■ Records shown ■
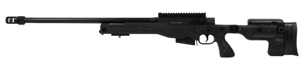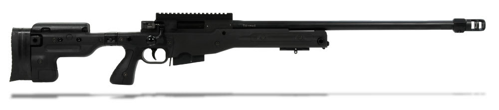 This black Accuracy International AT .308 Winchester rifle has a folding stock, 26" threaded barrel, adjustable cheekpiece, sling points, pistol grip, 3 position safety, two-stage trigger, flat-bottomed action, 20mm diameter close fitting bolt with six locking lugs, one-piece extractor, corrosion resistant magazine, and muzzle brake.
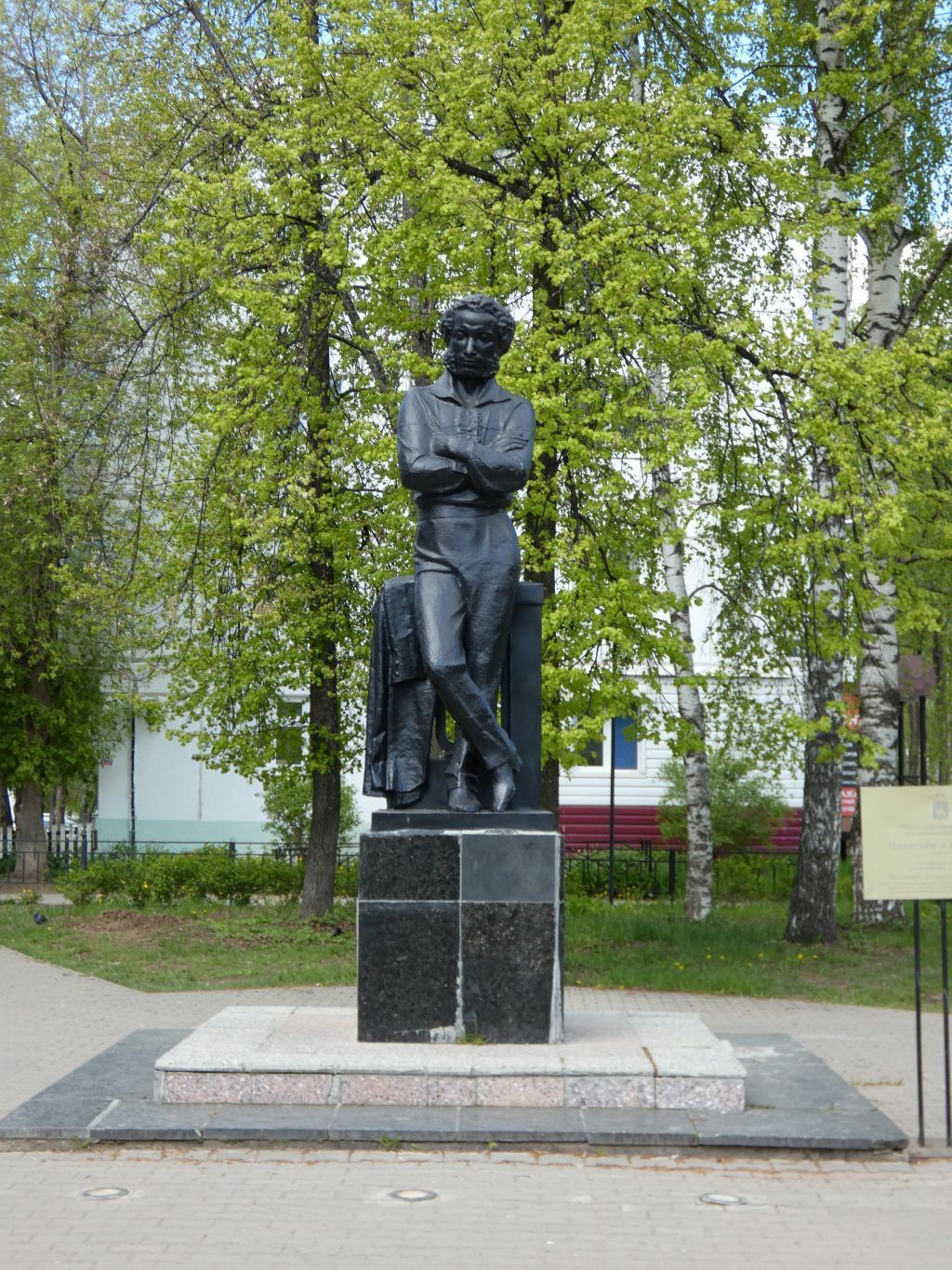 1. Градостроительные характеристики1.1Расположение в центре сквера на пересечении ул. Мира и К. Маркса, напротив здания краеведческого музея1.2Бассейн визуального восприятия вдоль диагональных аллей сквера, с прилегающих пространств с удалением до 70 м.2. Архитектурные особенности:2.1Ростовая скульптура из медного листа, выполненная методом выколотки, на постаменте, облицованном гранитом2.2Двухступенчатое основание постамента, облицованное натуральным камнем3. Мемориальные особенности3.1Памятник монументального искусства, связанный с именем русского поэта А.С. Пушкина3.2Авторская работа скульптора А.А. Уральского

--

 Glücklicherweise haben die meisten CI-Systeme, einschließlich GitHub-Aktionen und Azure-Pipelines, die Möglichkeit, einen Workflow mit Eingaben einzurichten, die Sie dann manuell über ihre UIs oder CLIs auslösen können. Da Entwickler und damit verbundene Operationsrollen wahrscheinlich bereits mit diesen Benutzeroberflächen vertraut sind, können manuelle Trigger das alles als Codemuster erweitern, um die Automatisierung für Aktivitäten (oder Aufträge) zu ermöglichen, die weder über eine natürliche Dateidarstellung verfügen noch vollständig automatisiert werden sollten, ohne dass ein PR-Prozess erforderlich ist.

■ How to complete this task ■
In the records above, find the line with "This black Accuracy". Print exactly from there through the line with "1. Градостроительные характеристики1.1Расположение", minus the pictures.

■ Exercise result ■
 This black Accuracy International AT .308 Winchester rifle has a folding stock, 26" threaded barrel, adjustable cheekpiece, sling points, pistol grip, 3 position safety, two-stage trigger, flat-bottomed action, 20mm diameter close fitting bolt with six locking lugs, one-piece extractor, corrosion resistant magazine, and muzzle brake.
 1. Градостроительные характеристики1.1Расположение в центре сквера на пересечении ул. Мира и К. Маркса, напротив здания краеведческого музея1.2Бассейн визуального восприятия вдоль диагональных аллей сквера, с прилегающих пространств с удалением до 70 м.2. Архитектурные особенности:2.1Ростовая скульптура из медного листа, выполненная методом выколотки, на постаменте, облицованном гранитом2.2Двухступенчатое основание постамента, облицованное натуральным камнем3. Мемориальные особенности3.1Памятник монументального искусства, связанный с именем русского поэта А.С. Пушкина3.2Авторская работа скульптора А.А. Уральского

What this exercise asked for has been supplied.